>>

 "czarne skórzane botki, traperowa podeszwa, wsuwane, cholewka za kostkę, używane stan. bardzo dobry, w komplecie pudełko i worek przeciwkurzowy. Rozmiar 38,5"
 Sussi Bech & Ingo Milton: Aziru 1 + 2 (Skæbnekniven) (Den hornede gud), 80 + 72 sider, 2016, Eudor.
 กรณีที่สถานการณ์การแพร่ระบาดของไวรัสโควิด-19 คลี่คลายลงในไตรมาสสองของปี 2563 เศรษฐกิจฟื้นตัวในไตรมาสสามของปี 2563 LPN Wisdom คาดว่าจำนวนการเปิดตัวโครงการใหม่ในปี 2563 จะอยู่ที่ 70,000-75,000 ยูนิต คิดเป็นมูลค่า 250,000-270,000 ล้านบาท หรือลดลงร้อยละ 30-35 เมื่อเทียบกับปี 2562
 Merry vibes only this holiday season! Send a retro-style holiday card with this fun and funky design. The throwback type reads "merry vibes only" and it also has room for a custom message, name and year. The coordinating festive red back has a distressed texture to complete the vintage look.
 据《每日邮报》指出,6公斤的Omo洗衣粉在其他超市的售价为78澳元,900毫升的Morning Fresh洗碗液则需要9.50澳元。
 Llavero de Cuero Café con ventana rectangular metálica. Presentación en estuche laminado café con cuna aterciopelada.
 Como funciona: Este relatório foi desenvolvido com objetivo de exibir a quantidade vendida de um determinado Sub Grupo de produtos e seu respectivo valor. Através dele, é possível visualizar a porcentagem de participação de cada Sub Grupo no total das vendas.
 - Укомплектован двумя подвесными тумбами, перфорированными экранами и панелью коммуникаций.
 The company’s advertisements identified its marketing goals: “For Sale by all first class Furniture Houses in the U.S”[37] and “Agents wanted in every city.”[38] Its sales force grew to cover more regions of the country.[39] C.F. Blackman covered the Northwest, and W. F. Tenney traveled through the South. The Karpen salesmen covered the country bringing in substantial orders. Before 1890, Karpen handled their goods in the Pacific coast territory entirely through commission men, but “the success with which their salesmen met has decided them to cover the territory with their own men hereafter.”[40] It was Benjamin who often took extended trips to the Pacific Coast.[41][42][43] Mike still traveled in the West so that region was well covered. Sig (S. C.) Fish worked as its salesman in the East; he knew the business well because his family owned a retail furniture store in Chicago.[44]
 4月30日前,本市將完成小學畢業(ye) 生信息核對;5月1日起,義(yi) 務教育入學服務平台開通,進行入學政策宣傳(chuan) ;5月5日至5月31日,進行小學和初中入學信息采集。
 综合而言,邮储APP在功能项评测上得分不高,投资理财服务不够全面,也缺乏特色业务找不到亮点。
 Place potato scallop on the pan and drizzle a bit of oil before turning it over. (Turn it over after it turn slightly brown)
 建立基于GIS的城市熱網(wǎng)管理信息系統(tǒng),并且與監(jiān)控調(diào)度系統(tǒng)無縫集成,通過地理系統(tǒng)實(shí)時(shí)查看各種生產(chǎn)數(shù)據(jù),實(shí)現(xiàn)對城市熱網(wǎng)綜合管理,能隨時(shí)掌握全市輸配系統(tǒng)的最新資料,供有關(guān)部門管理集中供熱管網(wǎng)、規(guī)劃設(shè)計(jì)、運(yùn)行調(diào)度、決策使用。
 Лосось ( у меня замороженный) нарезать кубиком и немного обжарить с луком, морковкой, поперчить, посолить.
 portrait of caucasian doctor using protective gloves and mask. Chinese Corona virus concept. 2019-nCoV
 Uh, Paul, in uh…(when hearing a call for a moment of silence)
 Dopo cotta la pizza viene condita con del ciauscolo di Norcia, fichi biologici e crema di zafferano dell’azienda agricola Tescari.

<<

_Exercise goal_
Your task is to find every line above containing the word "with" and copy it.

_Answer to the exercise_
 Merry vibes only this holiday season! Send a retro-style holiday card with this fun and funky design. The throwback type reads "merry vibes only" and it also has room for a custom message, name and year. The coordinating festive red back has a distressed texture to complete the vintage look.
 The company’s advertisements identified its marketing goals: “For Sale by all first class Furniture Houses in the U.S”[37] and “Agents wanted in every city.”[38] Its sales force grew to cover more regions of the country.[39] C.F. Blackman covered the Northwest, and W. F. Tenney traveled through the South. The Karpen salesmen covered the country bringing in substantial orders. Before 1890, Karpen handled their goods in the Pacific coast territory entirely through commission men, but “the success with which their salesmen met has decided them to cover the territory with their own men hereafter.”[40] It was Benjamin who often took extended trips to the Pacific Coast.[41][42][43] Mike still traveled in the West so that region was well covered. Sig (S. C.) Fish worked as its salesman in the East; he knew the business well because his family owned a retail furniture store in Chicago.[44]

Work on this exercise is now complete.